Federal Sports Betting Ban Marks 25th Anniversary, Gaming Industry Says Law’s Days Are Numbered
Posted on: October 28, 2017, 02:00h.
Last updated on: October 27, 2017, 07:24h.
Twenty-five years ago today sports betting became outlawed in all but four states, the exceptions provided due to those jurisdictions having some form of sports gambling at the time.
But while former US Senator Dennis DeConcini (D-Arizona) might be celebrating the anniversary of his anti-sports betting legislation that was signed into law October 28, 1992, by President George H.W. Bush (R), the gaming industry says the federal statute’s days are numbered.
DeConcini authored the Professional and Amateur Sports Protection Act of 1992 (PASPA), legislation that outlawed sports pools and lotteries outside Nevada, Oregon, Delaware, and Montana. Only Nevada takes full advantage of its immunity.
The American Gaming Association (AGA), the gaming industry’s chief lobbying voice in Washington, believes PASPA will soon be repealed.
“PASPA is a failed law that has driven everyday sports fans into an unregulated, illegal sports betting market that offers zero consumer protections and fails to benefit communities or strengthen the integrity of the sports we love,” AGA President Geoff Freeman said in a statement on the bill’s 25th anniversary.
“For PASPA to remain the law of the land is to place our collective heads in the sand and willfully ignore criminal activity, the will of the people and the power of technology. PASPA’s days are numbered,” Freeman concluded.
Critical Months Ahead
At this time next year, Nevada may very well have lost its monopoly on sports gambling. On December 4, the US Supreme Court will hear New Jersey’s appeal against lower courts that it should have the right to determine its own sports betting laws. The court is expected to release its ruling in 2018.
New Jersey voters approved an amendment to their state constitution in 2011 to allow the Legislature to pass sports gambling regulations giving horse racetracks and Atlantic City casinos the right to operate sportsbooks. The NCAA, along with the NFL, MLB, NBA, and NHL, interjected with a lawsuit to block such gambling, and to date their efforts have succeeded.
New Jersey argues that PASPA violates the US Constitution, as it forces some states to adhere to federal laws that not all must abide.
PASPA critics like the AGA say the law does nothing to protect the integrity of the leagues, a common argument made by commissioners like the NFL’s Roger Goodell. A legalized sports betting environment would create oversight, so says the AGA.
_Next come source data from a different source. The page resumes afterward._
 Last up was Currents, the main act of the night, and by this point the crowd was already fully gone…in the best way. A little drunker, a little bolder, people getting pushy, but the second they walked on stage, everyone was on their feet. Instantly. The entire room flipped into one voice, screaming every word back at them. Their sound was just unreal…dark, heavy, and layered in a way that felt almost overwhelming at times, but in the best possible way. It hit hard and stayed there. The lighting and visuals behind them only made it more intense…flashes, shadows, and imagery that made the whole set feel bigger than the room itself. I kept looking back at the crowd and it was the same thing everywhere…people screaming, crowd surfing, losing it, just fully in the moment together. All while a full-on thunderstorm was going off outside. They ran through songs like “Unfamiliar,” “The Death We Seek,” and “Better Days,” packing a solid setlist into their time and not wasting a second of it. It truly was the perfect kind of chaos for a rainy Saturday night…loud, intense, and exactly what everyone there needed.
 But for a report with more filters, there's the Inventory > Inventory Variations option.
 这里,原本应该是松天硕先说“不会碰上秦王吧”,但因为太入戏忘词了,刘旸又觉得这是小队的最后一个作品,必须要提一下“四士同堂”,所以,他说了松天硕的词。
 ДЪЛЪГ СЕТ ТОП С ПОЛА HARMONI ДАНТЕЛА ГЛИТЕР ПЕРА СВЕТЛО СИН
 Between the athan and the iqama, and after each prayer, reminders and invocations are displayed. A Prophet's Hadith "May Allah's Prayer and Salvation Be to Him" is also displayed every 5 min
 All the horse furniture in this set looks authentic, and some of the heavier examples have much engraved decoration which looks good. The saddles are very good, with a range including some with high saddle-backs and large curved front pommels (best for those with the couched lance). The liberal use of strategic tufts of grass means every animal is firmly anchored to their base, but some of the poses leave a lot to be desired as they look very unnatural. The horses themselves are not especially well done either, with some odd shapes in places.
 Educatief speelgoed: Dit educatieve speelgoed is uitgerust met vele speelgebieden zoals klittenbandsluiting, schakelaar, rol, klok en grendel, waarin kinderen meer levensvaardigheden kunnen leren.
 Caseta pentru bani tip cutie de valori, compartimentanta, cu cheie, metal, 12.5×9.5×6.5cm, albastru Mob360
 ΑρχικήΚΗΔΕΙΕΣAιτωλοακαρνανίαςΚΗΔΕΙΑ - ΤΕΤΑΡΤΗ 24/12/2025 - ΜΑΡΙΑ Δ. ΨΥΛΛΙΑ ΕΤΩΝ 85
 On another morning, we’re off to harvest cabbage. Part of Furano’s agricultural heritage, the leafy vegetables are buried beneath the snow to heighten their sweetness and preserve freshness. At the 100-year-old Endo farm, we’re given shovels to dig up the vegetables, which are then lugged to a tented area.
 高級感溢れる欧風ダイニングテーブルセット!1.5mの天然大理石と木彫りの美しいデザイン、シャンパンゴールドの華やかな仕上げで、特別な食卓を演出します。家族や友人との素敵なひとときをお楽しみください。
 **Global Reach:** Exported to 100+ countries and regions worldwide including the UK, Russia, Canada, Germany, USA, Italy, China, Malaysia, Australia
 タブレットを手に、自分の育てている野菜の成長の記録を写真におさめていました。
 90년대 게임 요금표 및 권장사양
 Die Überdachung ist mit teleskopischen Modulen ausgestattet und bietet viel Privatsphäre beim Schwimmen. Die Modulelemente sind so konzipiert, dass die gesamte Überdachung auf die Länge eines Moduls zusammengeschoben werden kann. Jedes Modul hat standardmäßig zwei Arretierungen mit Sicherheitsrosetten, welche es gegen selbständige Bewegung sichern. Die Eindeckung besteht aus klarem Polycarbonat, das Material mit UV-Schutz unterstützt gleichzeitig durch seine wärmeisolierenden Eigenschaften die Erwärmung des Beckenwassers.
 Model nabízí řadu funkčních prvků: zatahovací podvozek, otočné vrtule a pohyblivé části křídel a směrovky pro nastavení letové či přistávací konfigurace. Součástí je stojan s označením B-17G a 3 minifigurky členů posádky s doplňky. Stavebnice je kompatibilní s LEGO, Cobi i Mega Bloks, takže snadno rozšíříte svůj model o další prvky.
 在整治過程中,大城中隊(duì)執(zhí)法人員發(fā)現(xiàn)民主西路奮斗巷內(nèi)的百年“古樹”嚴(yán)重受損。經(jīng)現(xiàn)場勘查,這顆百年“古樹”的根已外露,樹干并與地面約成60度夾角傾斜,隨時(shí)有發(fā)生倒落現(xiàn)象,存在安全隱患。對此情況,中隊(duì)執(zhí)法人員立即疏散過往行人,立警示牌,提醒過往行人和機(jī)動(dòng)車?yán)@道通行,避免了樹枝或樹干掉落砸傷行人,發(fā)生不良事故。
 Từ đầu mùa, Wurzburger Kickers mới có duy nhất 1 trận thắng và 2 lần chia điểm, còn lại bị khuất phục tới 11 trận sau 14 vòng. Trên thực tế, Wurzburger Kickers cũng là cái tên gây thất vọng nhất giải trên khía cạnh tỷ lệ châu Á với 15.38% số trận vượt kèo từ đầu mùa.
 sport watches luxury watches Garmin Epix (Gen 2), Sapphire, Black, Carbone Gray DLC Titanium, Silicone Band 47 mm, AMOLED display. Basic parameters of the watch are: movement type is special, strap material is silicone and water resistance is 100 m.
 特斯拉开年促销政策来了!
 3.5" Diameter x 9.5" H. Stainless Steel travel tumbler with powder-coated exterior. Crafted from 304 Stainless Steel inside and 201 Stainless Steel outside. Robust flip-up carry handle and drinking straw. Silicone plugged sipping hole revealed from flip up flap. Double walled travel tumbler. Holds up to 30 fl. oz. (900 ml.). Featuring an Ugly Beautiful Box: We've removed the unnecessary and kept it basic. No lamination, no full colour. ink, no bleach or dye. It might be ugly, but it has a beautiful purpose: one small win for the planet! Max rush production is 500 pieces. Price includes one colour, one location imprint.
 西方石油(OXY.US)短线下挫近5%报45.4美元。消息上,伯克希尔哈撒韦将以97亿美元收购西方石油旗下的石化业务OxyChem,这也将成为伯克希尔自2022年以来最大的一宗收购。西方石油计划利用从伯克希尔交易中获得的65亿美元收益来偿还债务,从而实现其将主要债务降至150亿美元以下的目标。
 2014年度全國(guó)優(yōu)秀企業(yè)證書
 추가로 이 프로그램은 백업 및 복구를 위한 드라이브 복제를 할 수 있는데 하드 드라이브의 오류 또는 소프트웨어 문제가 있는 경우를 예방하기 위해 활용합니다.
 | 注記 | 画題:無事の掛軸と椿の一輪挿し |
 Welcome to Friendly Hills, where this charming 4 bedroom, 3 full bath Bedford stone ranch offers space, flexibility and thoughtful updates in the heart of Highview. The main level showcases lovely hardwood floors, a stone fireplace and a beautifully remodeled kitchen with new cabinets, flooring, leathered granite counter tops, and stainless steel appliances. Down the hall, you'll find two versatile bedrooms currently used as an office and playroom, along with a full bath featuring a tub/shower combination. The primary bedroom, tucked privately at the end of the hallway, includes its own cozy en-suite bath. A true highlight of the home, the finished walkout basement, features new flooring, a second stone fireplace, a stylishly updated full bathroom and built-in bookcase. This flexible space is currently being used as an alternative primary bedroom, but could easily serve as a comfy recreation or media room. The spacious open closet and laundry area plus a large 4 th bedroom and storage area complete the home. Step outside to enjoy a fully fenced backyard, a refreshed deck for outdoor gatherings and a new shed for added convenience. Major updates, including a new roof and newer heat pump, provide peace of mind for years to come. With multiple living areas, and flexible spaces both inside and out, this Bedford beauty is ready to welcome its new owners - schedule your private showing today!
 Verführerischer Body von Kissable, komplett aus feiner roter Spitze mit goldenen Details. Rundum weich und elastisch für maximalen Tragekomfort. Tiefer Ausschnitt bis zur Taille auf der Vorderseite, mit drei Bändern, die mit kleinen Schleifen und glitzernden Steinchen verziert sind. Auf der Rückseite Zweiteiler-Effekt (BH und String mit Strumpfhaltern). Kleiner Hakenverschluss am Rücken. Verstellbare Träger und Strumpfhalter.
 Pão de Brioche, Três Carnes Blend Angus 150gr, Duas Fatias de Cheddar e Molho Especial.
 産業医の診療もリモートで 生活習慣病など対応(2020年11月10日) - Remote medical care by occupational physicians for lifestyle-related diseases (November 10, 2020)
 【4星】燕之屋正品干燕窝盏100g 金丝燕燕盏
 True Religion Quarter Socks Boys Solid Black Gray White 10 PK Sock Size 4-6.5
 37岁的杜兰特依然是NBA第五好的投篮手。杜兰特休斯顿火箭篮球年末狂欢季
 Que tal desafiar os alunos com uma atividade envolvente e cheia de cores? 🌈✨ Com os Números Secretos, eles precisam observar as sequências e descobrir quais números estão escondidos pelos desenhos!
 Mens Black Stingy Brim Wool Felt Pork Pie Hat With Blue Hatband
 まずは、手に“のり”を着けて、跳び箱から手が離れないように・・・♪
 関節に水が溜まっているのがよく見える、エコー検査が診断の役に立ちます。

It would also provide enormous amounts of new tax revenue, a recent study from Oxford Economics finding that legal sports betting across the US could generate upwards of $5 billion in annual tax money to federal, state, local and tribal sovereign governments. The research also opined that sports betting would support 152,000 jobs, and create an overall economic impact of somewhere between $21.9 billion and $26.6 billion.
Should the Supreme Court come down on New Jersey’s side, Gambling Compliance, a gaming research firm, believes 20 or more states would follow in the Garden State’s footsteps and legalize sports gambling by 2025.